W operacji wzięli udział funkcjonariusze z Dolnej Saksonii oraz z Berlina, uzbrojeni w pistolety maszynowe. W czasie akcji użyto granatów dymnych – dowiedział się portal dziennika „Bild”. W czasie operacji padły również strzały. W związku z akcją wstrzymany został ruch na kilku liniach berlińskiej S-Bahn.
„LKA Dolna Saksonia prowadzi operację wspólnie z berlińską policją i BKA (Federalny Urząd Kryminalny – PAP). Jest to związane z próbą ujęcia dwóch przestępców, poszukiwanych za rabunki: Ernsta-Volkera Stauba i Burkharda Garwega. Nie możemy podać dalszych szczegółów ze względu na trwające śledztwo” – skomentował Martin Halweg, rzecznik berlińskiej policji.

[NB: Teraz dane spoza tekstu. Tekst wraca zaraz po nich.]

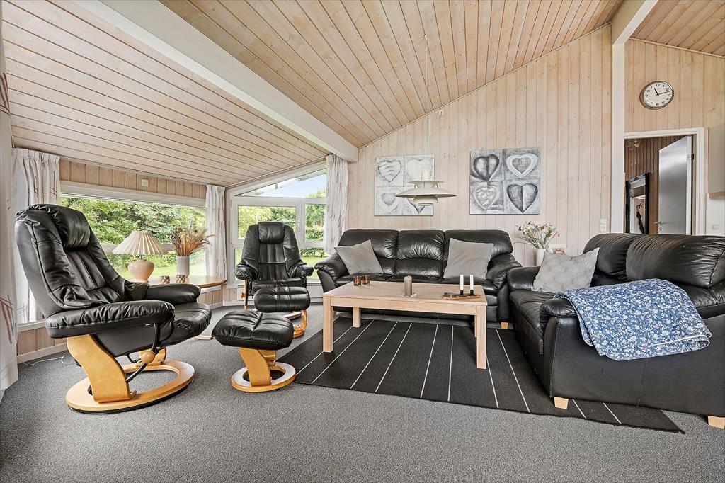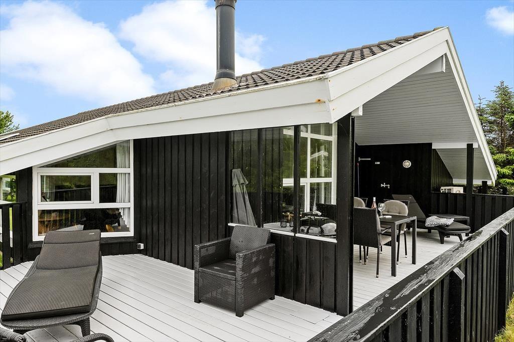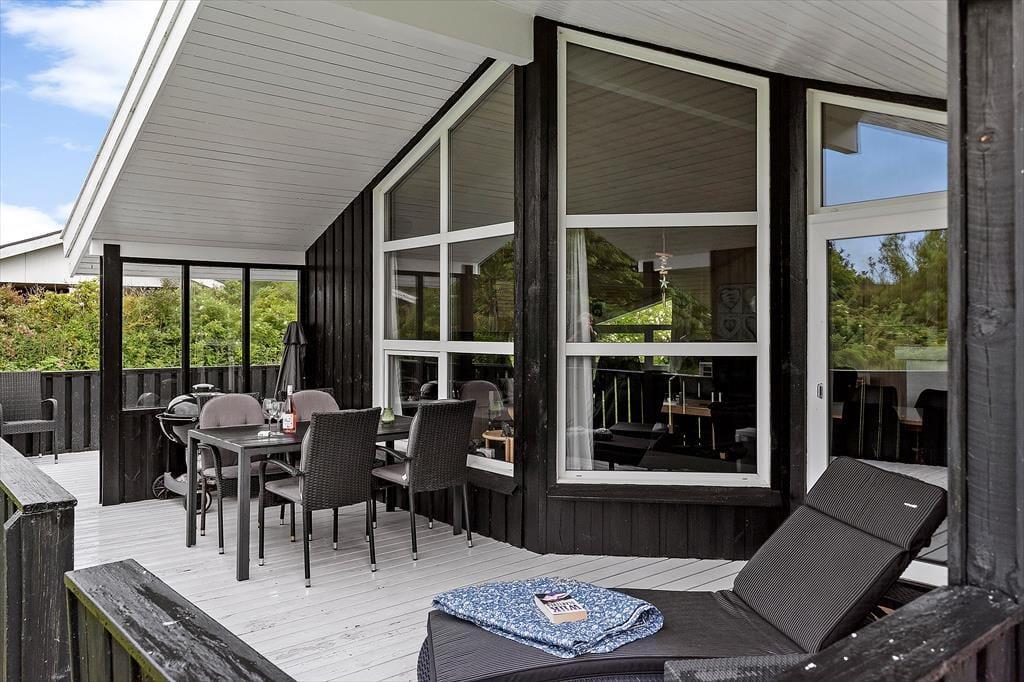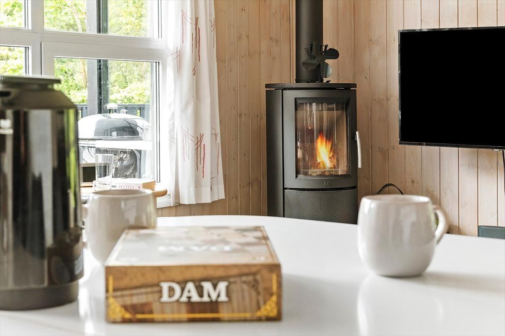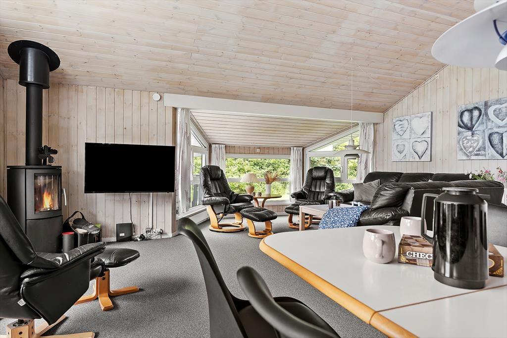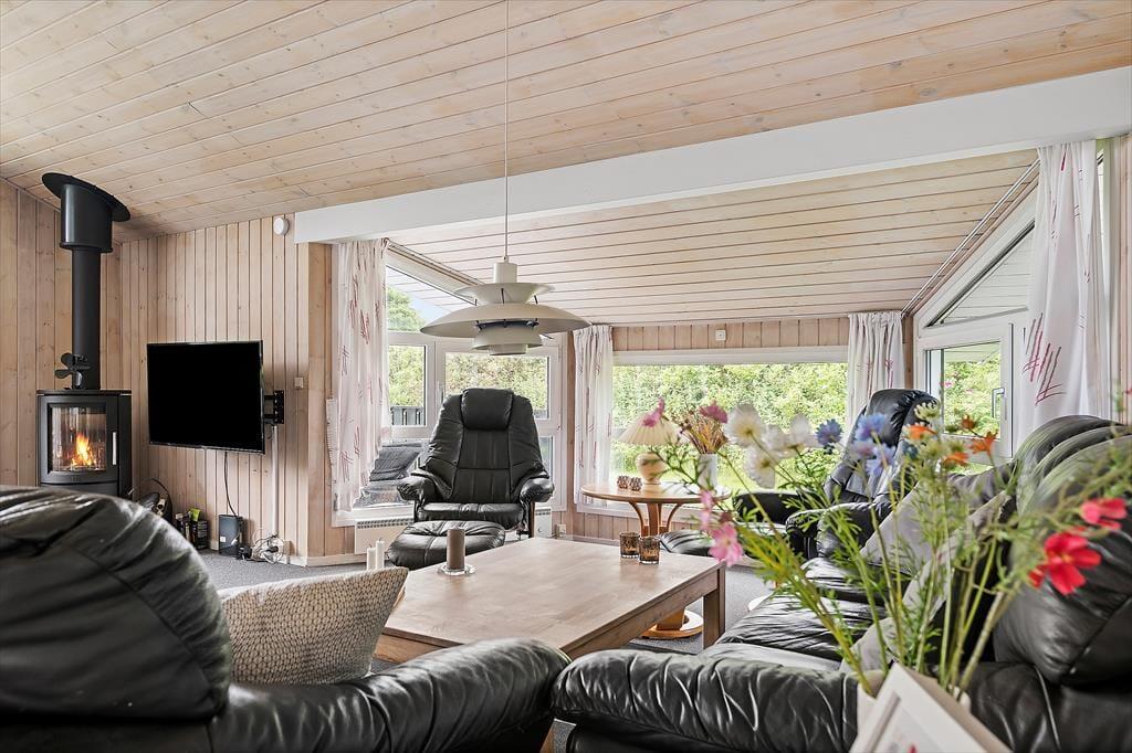 Sommerhuset er flot og smagfuldt indrettet, holdt i lyse farver, så det virker indbydende. Der er et godt lysindfald fra de store vinduer i stuen. Badeværelset råder over både spa og sauna. Fra køkkenet er der adgang til en lukket sydvendt terrasse, hvor man kan sidde helt i læ og nyde morgensolen. Fra stuen er der adgang til sommerhusets delvist overdækkede terrasse. Her har man skøn udsigt over haven med gyngestativ til familiens mindste . Bliver der for koldt udendørs, kan man trække indenfor og lade brændeovnen fuldende den hyggelige stemning.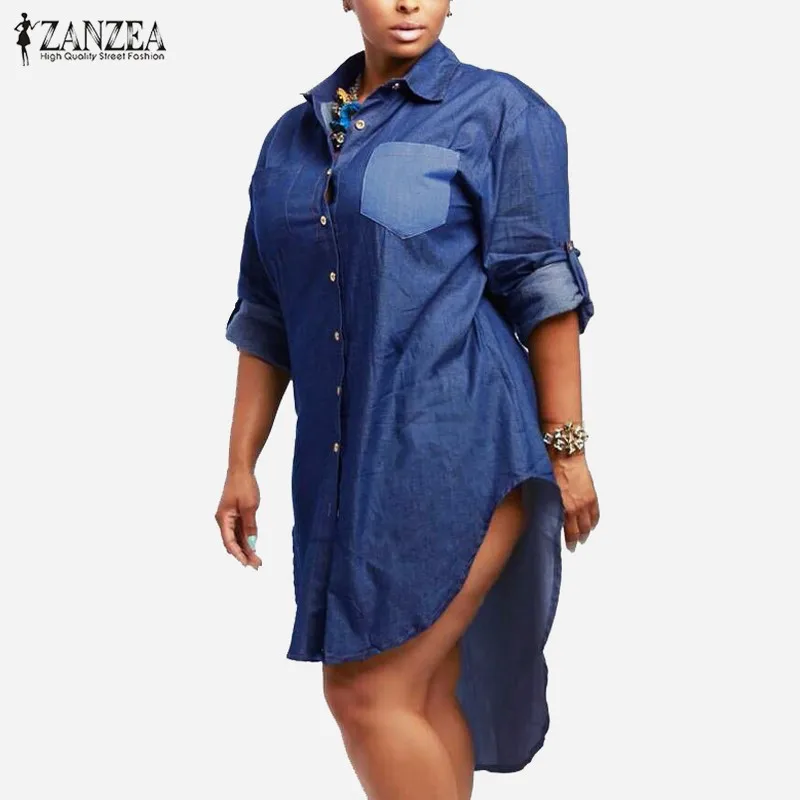 Женское винтажное джинсовое платье с отворотом и длинным рукавом, асимметричный подол, длинные джинсовые рубашки большого размера, осень 2020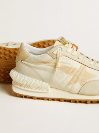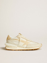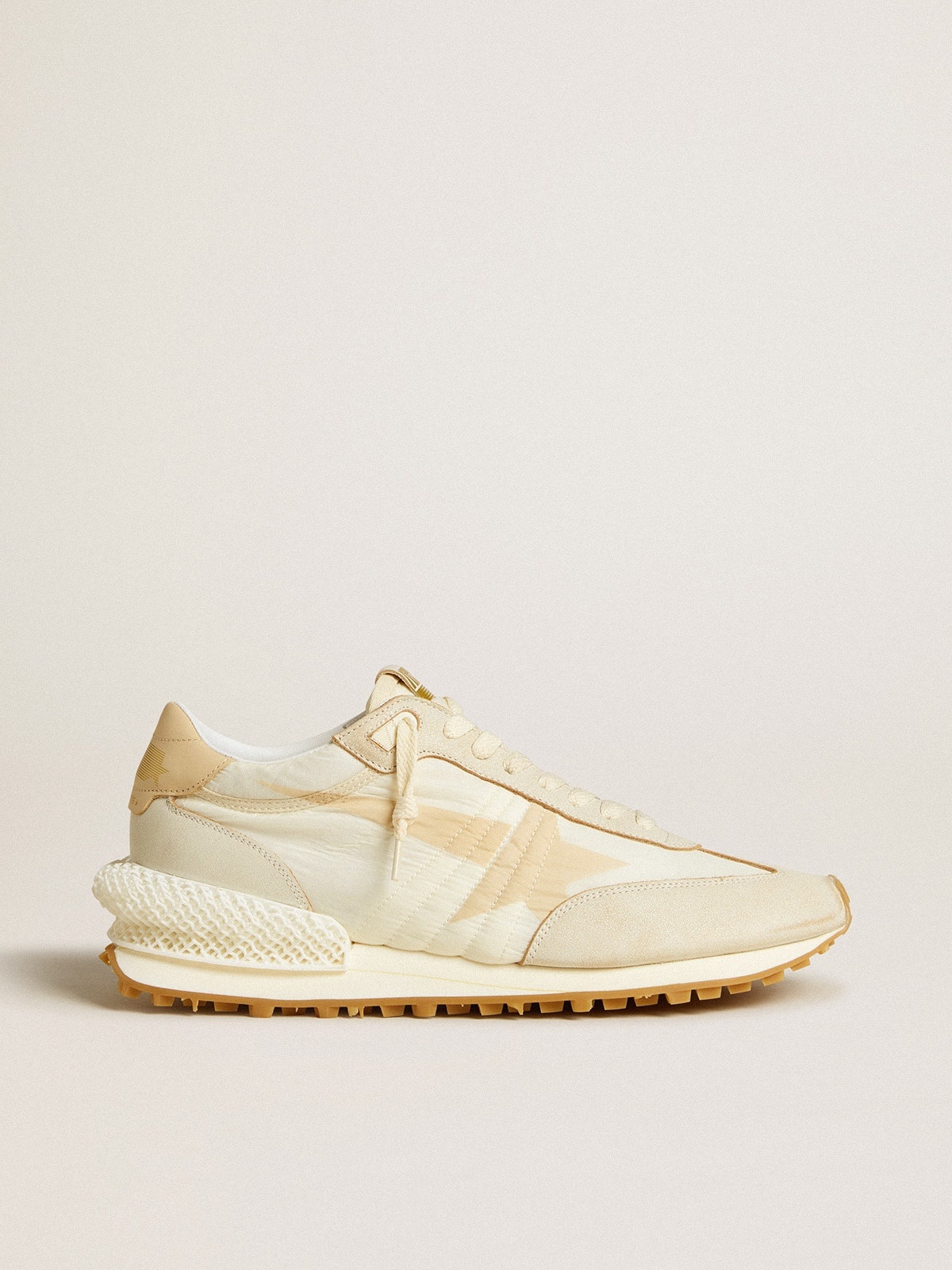 Track and field-inspired, with a Seventies flair. Day after day, our new Marathon sneakers are designed to keep you running after your dreams, paying homage to the marathon that is life. This men's model features a beige nylon upper with light gray leather inserts, a beige printed star, and a beige leather heel tab. The look is completed by a textured-effect white PVC spoiler and beige laces which, together with the starred outsole, make a truly unique impression. DETAILS Item No. GMF00684.F006961.15723 - Beige nylon upper with light gray leather inserts - Beige printed star - Beige leather heel tab - White textured-effect PVC spoiler - Beige laces - Upper: 67% polyamide, 33% cow leather - Lining: 41% cotton, 41% sheepskin leather, 12% polyester, 6% textile polyurethane - Sole: 100% rubber - Handmade - Made in Italy

Podobnie jak aresztowana w poniedziałek w Berlinie Daniela Klette, Staub i Garweg należeli do tzw. trzeciej generacji lewicowej ekstremistycznej organizacji terrorystycznej Frakcja Czerwonej Armii RAF). „W czasach ich aktywności zamordowani zostali ówczesny szef Deutsche Bank Alfred Herrhausen (1989) i szef Treuhand Detlev Karsten Rohwedder (1991). Kierowca Herrhausena został poważnie ranny” – przypomniał „Bild”.
Klette, Staub i Garweg byli poszukiwani od lat m.in. za kilkanaście poważnych napadów rabunkowych w latach 1999–2016. Grupa okradała supermarkety oraz ciężarówki przewożące gotówkę, zdobywając w ten sposób fundusze do finansowania działań terrorystycznych.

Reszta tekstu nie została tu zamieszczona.